Measuring Internet Routing from the Most Valuable Points
Thomas Alfroy, Thomas Holterbach, Thomas Krenc, KC Claffy, Cristel Pelsser
TL;DR
The paper addresses the challenge that data from thousands of BGP vantage points (VPs) in RIPE RIS and RouteViews grow quadratically in volume, making analysis costly and prone to redundancy. It introduces MVP, a general redundancy-aware framework that quantifies how similar VP observations are and selects a subset of VPs that minimizes redundancy while preserving analytical utility across multiple routing analyses. MVP demonstrates improved coverage and accuracy for four canonical tasks (AS relationship inference, AS rank, hijack detection, and routing detours) using the same data volume, and it shows substantial positive impact when re-applying to prior studies. Deployed as bgproutes.io, MVP offers a scalable, data-driven approach to VP selection that can reduce processing costs and enable broader, more reliable Internet routing measurements, with potential applicability to other data-collection ecosystems.
Abstract
While the increasing number of Vantage Points (VPs) in RIPE RIS and RouteViews improves our understanding of the Internet, the quadratically increasing volume of collected data poses a challenge to the scientific and operational use of the data.
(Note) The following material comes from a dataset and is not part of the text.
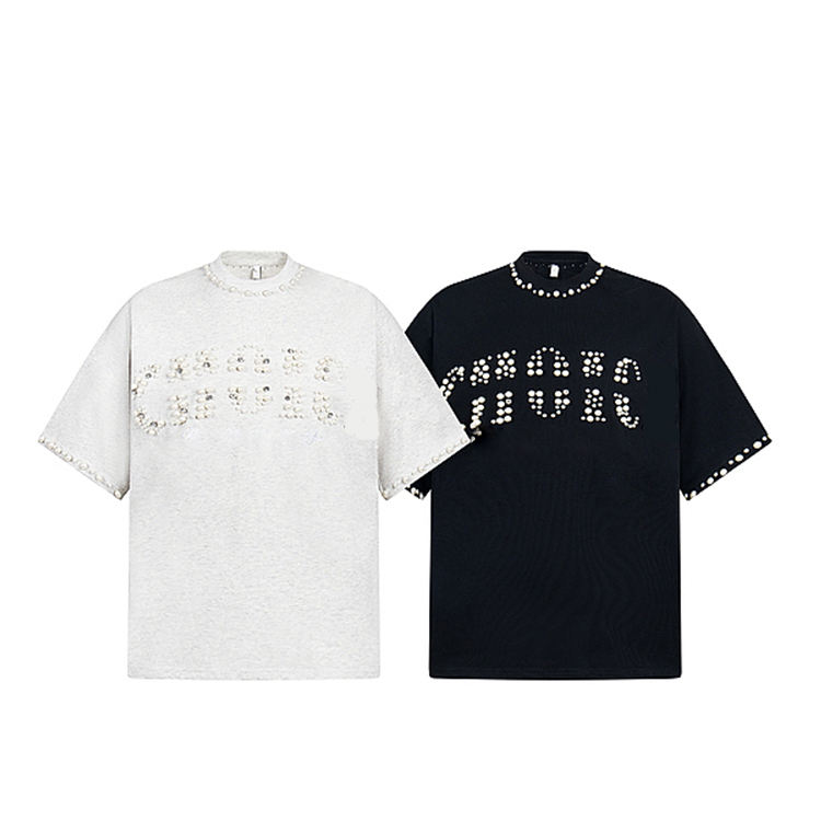Haute qualité, fabricant de créateur, luxe, grammage lourd, coton, coupe ample, personnalisé, orné de strass et de perles, respirant, 100%
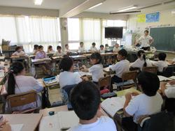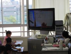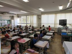 4年生は、国語の授業で漢字の組み立てを行っています。 コの字型の机の隊形になっており、発表している友達をクラス全体で見ることができています。 |

The design and implementation of BGP and BGP data collection systems lead to data archives with enormous redundancy, as there is substantial overlap in announced routes across many different VPs. Researchers thus often resort to arbitrary sampling of the data, which we demonstrate comes at a cost to the accuracy and coverage of previous works. The continued growth of the Internet, and of these collection systems, exacerbates this cost. The community needs a better approach to managing and using these data archives. We propose MVP, a system that scores VPs according to their level of redundancy with other VPs, allowing more informed sampling of these data archives. Our challenge is that the degree of redundancy between two updates depends on how we define redundancy, which in turn depends on the analysis objective. Our key contribution is a general framework and associated algorithms to assess redundancy between VP observations. We quantify the benefit of our approach for four canonical BGP routing analyses: AS relationship inference, AS rank computation, hijack detection, and routing detour detection. MVP improves the coverage or accuracy (or both) of all these analyses while processing the same volume of data.